Then, like the 2003 Cubs team, everything goes south. They choose another way. And they become disconnected. They are told there will be conflict between one another; there will be conflict between them and the soil.

We’re severed and cut off, disconnected in a thousand ways, and we know it, feel it, and are aware of it every day. It’s an ache in our bones that won’t go away. And so from an early age we have this awareness of the state of disconnection we were born into, and we have a longing to reconnect.

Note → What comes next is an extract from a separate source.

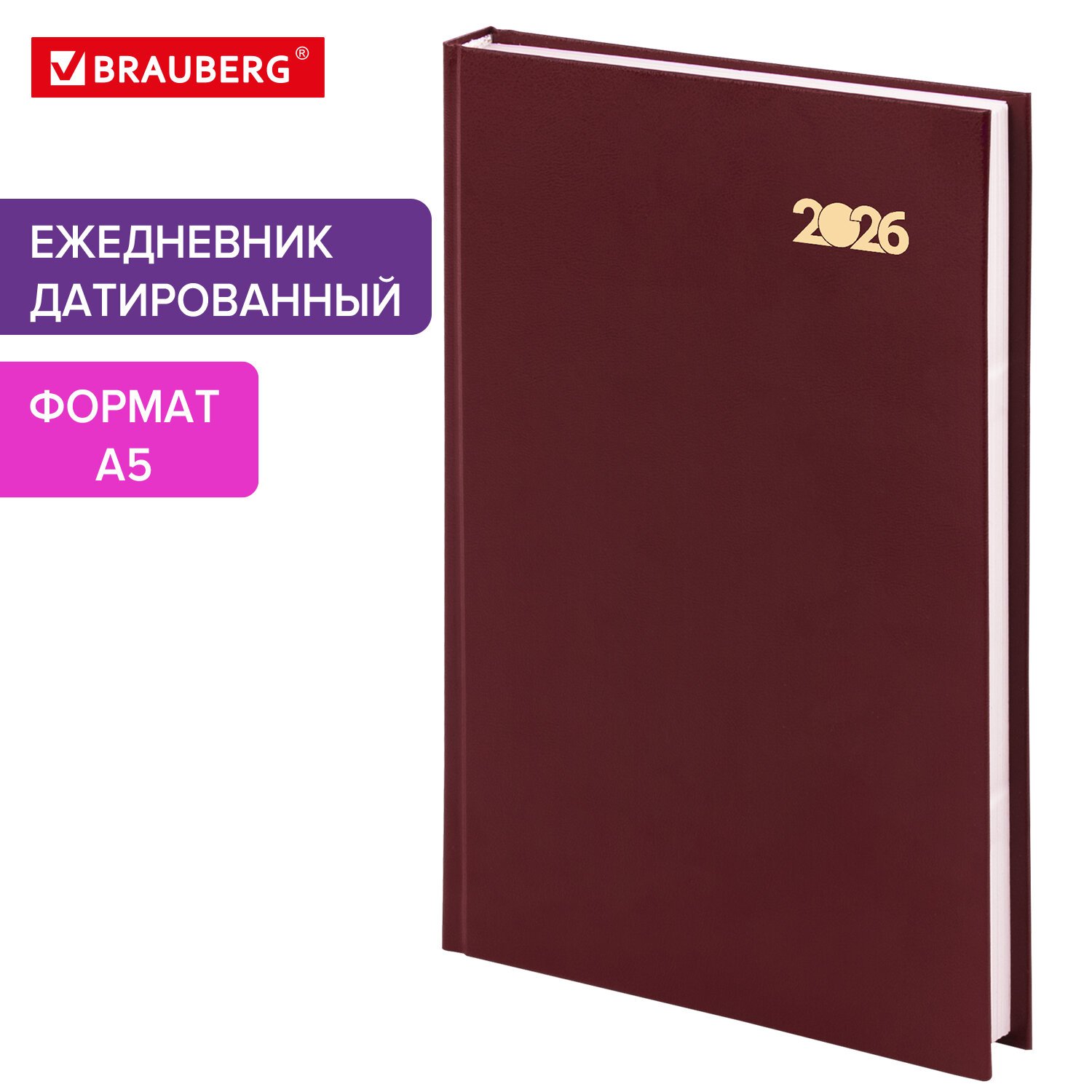 Ежедневник датированный 2026 с резинкой 145х203 мм, А5, BRAUBERG, твердый, "Гранаты", 117333

"Stadiums are less majestic at times, but several are famously intimate,
linked to their communities by their own histories and traditions,
representing much more than concrete and steel...
Only the spiritually numb would miss the wonder of Wrigley Field,
one of only two stadiums [the other being Fenway Park] still standing
from the construction binge that began early in the last century..."
~John Sexton, Baseball As A Road To God
I face the traffic of Lake Shore Drive during the dog days of summer to catch a baseball game for that reason. It is why you go to the Met in New York to be with a group of people and listen to an opera that will move you in ways you never have been before. It is why you go on that boat trip or hiking trip with your buddies because what you see and experience reconnects you not only to each other, not only to yourself, but to something greater:
to the God who dwells within you.

Standing up and stretching while singing “Take Me Out to the Ballgame” connects us to something beyond ourselves. We don’t know all those who have gathered. We come from vastly different backgrounds, we disagree on hundreds of issues, but for an evening, for a fleeting moment, we gather around these ball players and that artwork, this artist and these songs, and we get along –we connect. The experience moves us because it taps into how things were meant to be, and few places exist where we can experience what God intended on such a large scale.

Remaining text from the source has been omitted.